No. I couldn’t think that way. This situation was too messed up as it was. I wasn’t going to haunt myself with that crap.

“We can’t leave them as Ticks,” I insisted.

“Well we can’t just go in there, shoot them up with the cure, and expect them to sit around playing Go Fish with us, either. We have to find a way to subdue them while we wait for this to take effect. Do you even know how long it will take?”

“No.” The video Sabrina had shown me had been sped up.

He was right. We couldn’t just dose them and hope that the inhumanly strong monsters didn’t mind when we jabbed them in the arm. Besides, this wasn’t the ketamine that Dawn had used on Marek. This had to actually go into a vein.

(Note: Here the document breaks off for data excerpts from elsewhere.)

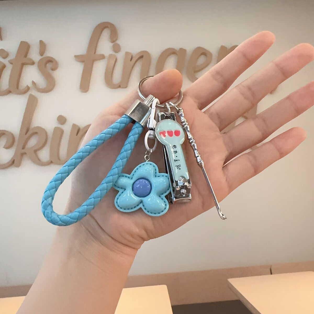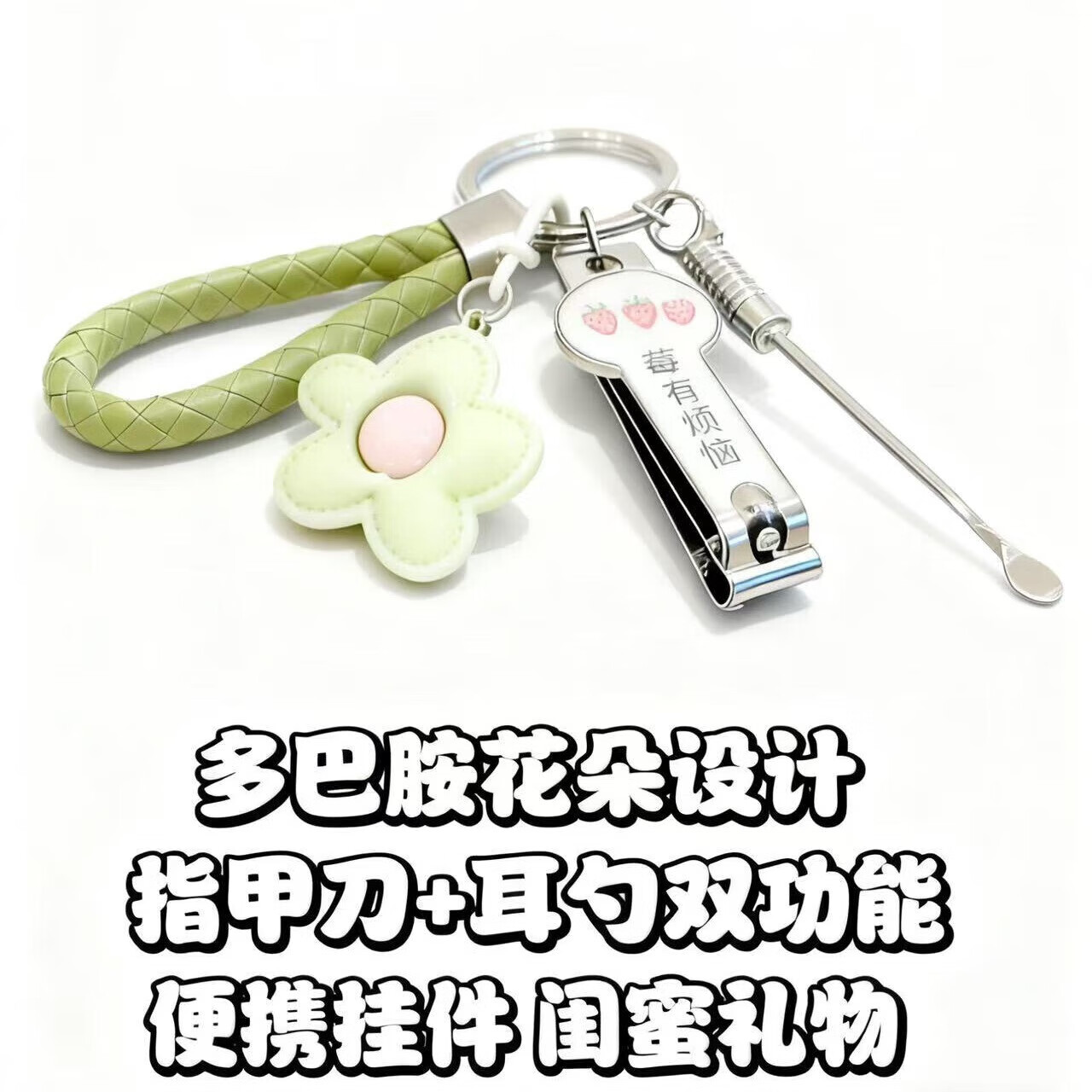 多巴胺彩色花朵钥匙扣少女宝宝挂饰指甲刀耳勺钥匙挂件套装 粉编织绳粉色草莓指甲剪+粉耳勺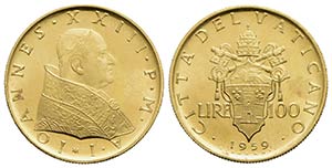 ROMA - Giovanni XXIII (1958-1963) - 100 Lire - 1959 - (AU g. 5,2) RR Pag. 866; Mont. 676 Fondi lucenti - FDC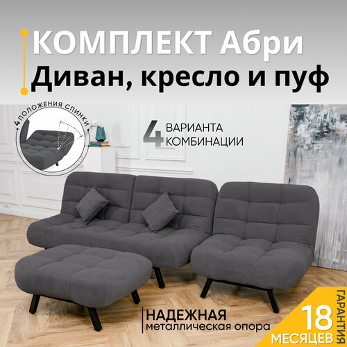 Комплект мягкой мебели Диван, кресло и пуф 303 механизм клик-кляк, материал износостойкий велюр, цвет графит: сравнение цен, характеристики, фото, актуальное наличие и цены.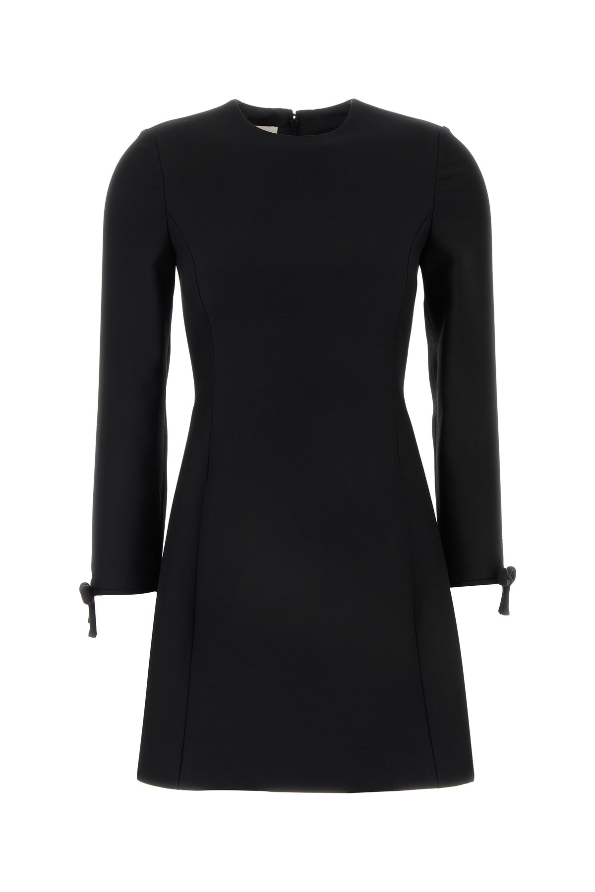 Dress realized in virgin wool and silk enriched by decorative bows on the cuffs.

“Okay. Then we need a plan. We go in when they’re sleeping, we tranq everyone, and then we remove Lily and Marcus to some other location. Somewhere we can keep them safe while we wait it out. Somewhere they can’t kill us.”

After a second of consideration, Ely nodded. “Where’s that?”

“I have no idea,” I admitted. “You got a map?”

Ten minutes later, we were poring over an old paper map of Texas that Ely had spread on the ground in front of us. He tossed a gum wrapper in the middle of the eastern part of the state to mark our location.

After a few minutes of searching, I put my finger down on a spot north of Houston. “Here. We bring them here.” The spot on the map read “Texas Department of Criminal Justice, Huntsville Unit.” “To the state prison in Huntsville.”